TARIC-SLU: A Tunisian Benchmark Dataset for Spoken Language Understanding

Salima Mdhaffar, Fethi Bougares, Renato de Mori, Salah Zaiem, Mirco Ravanelli, Yannick Estève

Published: 2024, Last Modified: 20 May 2025LREC/COLING 2024EveryoneRevisionsBibTeXCC BY-SA 4.0

Abstract: In recent years, there has been a significant increase in interest in developing Spoken Language Understanding (SLU) systems. SLU involves extracting a list of semantic information from the speech signal. A major issue for SLU systems is the lack of sufficient amount of bi-modal (audio and textual semantic annotation) training data. Existing SLU resources are mainly available in high-resource languages such as English, Mandarin and French.
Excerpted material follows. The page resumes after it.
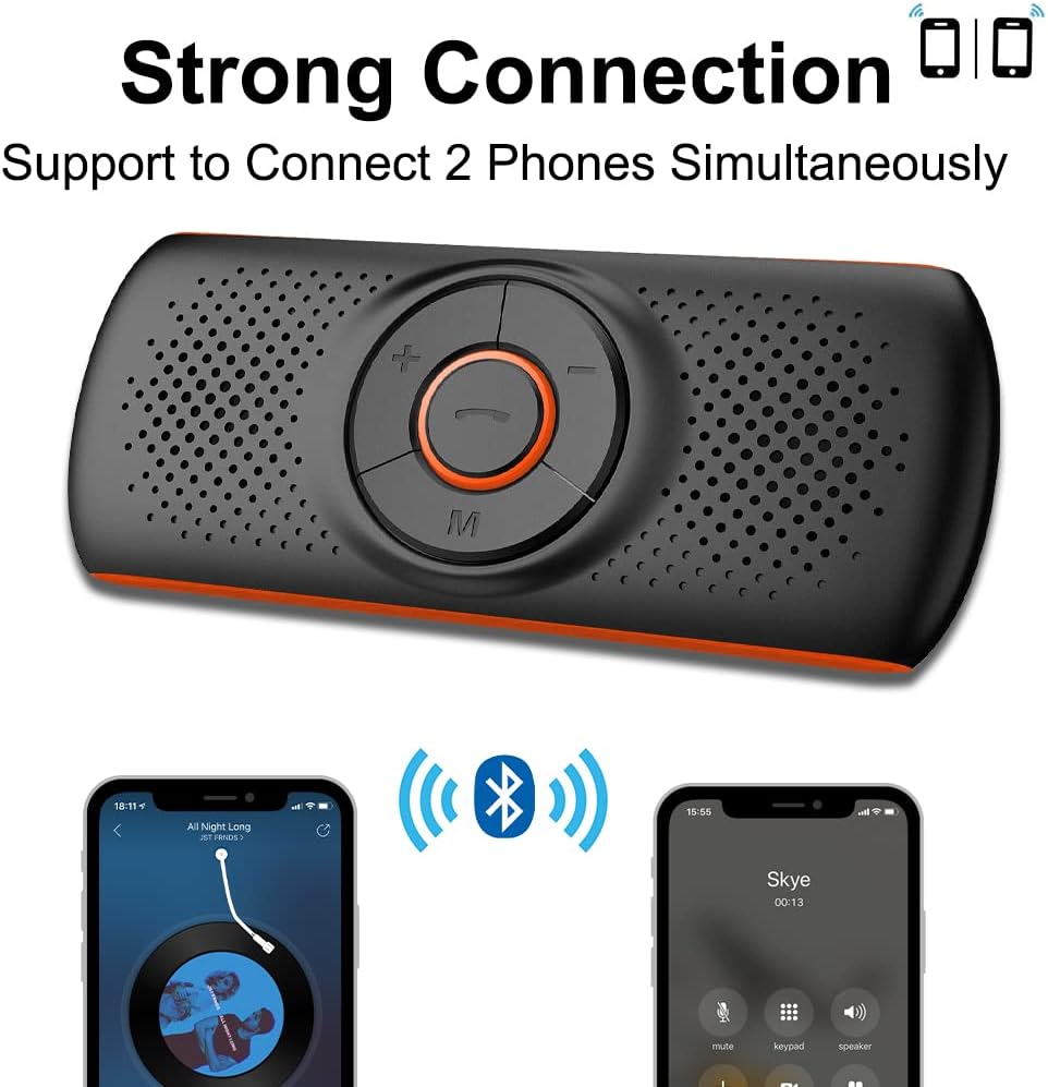 CONNECT WITH 2 PHONES: This Bluetooth car kit supports connecting to 2 mobile phones at the same time. We provide 18 months warranty service and welcome any suggestion you have for the Bluetooth car speakerphone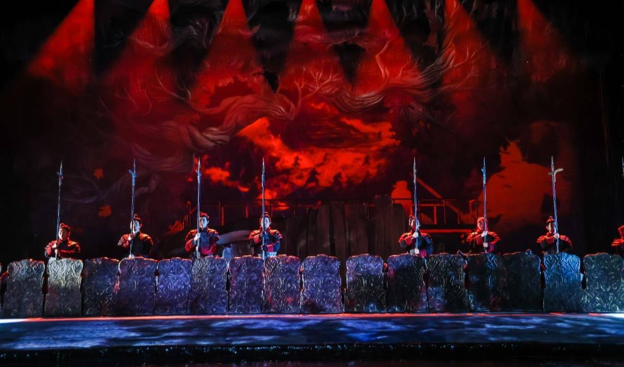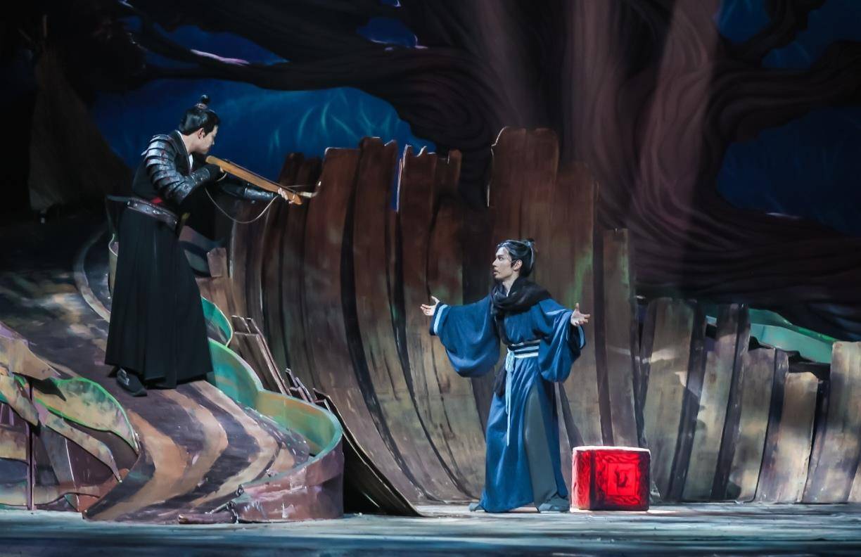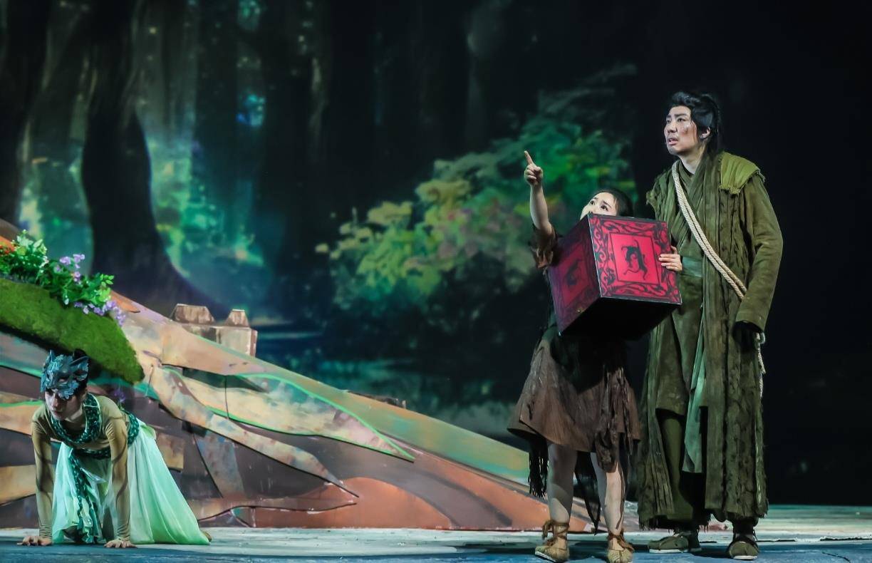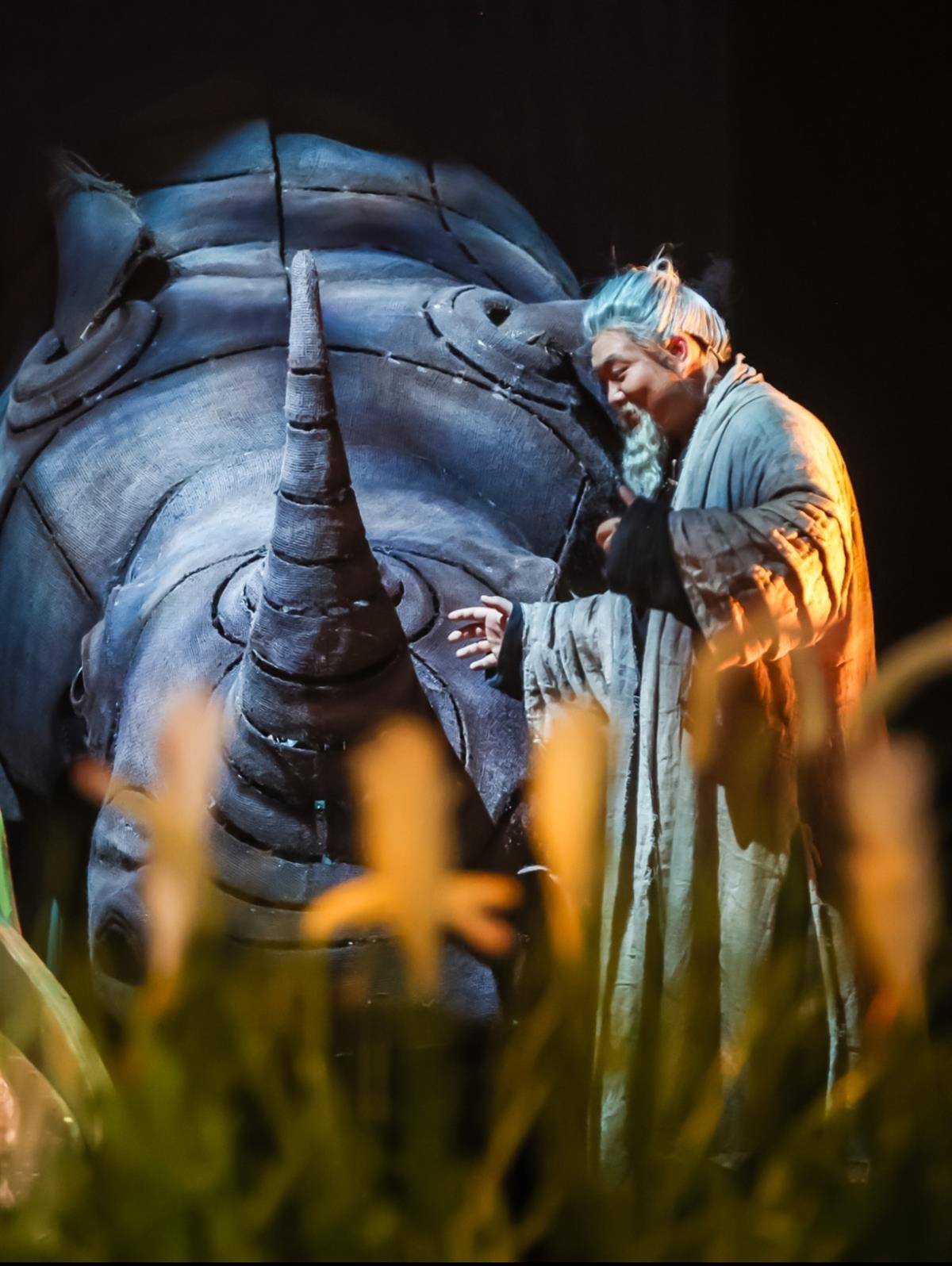 该剧在舞台呈现上实现多项突破。旋转舞台与多维投影再现了云梦大泽的浩瀚景象;穹顶长庚星与流转星河营造出独特的时空穿越感。剧中,巨型犀牛低沉长啸,震撼全场。“山鬼”祭祀段落中,白色烟雾、空灵鼓声与古老吟唱交织,尽显楚地巫风的古老神秘。

However, one of the current challenges concerning low-resourced languages is data collection and annotation. In this work, we present a new freely available corpus, named TARIC-SLU, composed of railway transport conversations in Tunisian dialect that is continuously annotated in dialogue acts and slots. We describe the semantic model of the dataset, the data and experiments conducted to build ASR-based and SLU-based baseline models. To facilitate its use, a complete recipe, including data preparation, training and evaluation scripts, has been built and will be integrated to SpeechBrain, a popular open-source conversational AI toolkit based on PyTorch.